I’m now into alpha but I can’t help making some design improvements. In particular, I’m wondering about the length of the game. At first I had it set at 30 turns starting in 2011. That was too many turns, so I made each turn cover five years instead of one. That made the game a little short, so I extended it to run until 2050, making for eight turns.
Now, though, I worry that running until 2050 won’t demonstrate the real danger of anthropogenic climate change. By 2050, ACC will be causing problems, but nothing we can’t handle. If we don’t start doing something about ACC soon, though, by the year 2100 the world will be in deep doo-doo.. Perhaps I should extend the game to go that far. I balked at doing so because it extends beyond the lifetime of a likely player – why should they care? After some consideration, though, I’ve decided to proceed with this. The year 2100 may not be within the life span of the current generation, but it is certainly within the lifetimes of their children and grandchildren. And the likely results by 2100 are so catastrophic that I think they’ll make an impression.
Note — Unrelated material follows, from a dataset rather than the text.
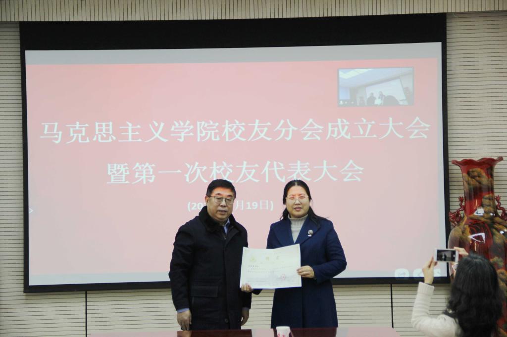 新葡萄8883官网AMG校友分会筹备工作领导小组组长、学院院长刘振霞当选校友分会会长。她指出,新葡萄8883官网AMG自建院以来,一直秉持“马院姓马,在马言马”的宗旨,发扬“求实”、“创新”的精神,贯彻“立德树人、固本铸魂、打造特色、追求卓越”的院训和目标。学院的蓬勃发展离不开广大校友们的支持与帮助,希望通过校友分会这一桥梁,能够创建起培养社会主义接班人的单位,更好地发挥新葡萄8883官网AMG立德树人的重要作用。
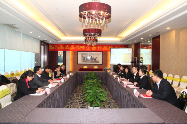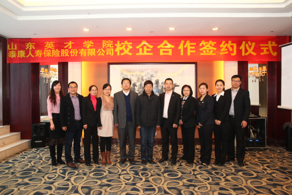 2013年12月6日 我校与泰康人寿保险股份有限公司签约仪式在山大学府交流中心会议厅举行隆重举行。学校副院长王兆良教授、副院长刘存刚博士、就业指导与校企合作处处长乔晓萍、经济管理学院副院长李众宜副教授、副院长杜志玉等校方代表与泰康人寿保险股份有限公司山东分公司人力资源部许国松总经理、李瑶晖总经理、招聘主管韩发森等企方代表共同出席签约仪式,签约仪式由乔处长主持。

So, how to handle such a big change? The simulation itself will need much more careful tuning; with a long time span like that, small variations become huge. Simple equations that yield plausible results over forty years go crazy after ninety. I may not be able to get it tuned that well. As it is, the do-nothing scenario has things improving for another ten years, then going to hell.
Perhaps I shouldn’t jump so far into the future. What if I extend the game only to, say, 2060 or 2070? Those years are still within the life expectancy of my audience, but further down the road. They won’t push the simulation as hard. Yes, that’s a good idea.
But that raises a new problem with the history display. Right now the bars, representing a single year, are pretty slim. If I try to squeeze any more years into those displays, they’ll get too thin to be accessible to the mouse. Besides, the color interior of the bars will be too small relative to the one-pixel black boundaries. No, I have to collapse the bars. The obvious solution is to make each bar cover five years. That might make the bars too fat. I think I can live with that, though.
Should I readjust all the coefficients in the simulation to handle a five-year step size rather than a one-turn step size? Right now the game uses turns five years long but runs each five-year turn in five separate steps. I think I should stay with the five-year step size, because that permits all the numbers to expressed in annual values, which more closely corresponds to what people already use. For example, it’s one thing to say that the total GDP of humanity is $60 trillion; it’s quite another to say $300 trillion over five years. Yes, I’ll keep it at five-year turns with one-year step sizes. But I’ll merge the one-year bars into five-year bars in the history display.
OK, I think I’ve made my decisions. To work.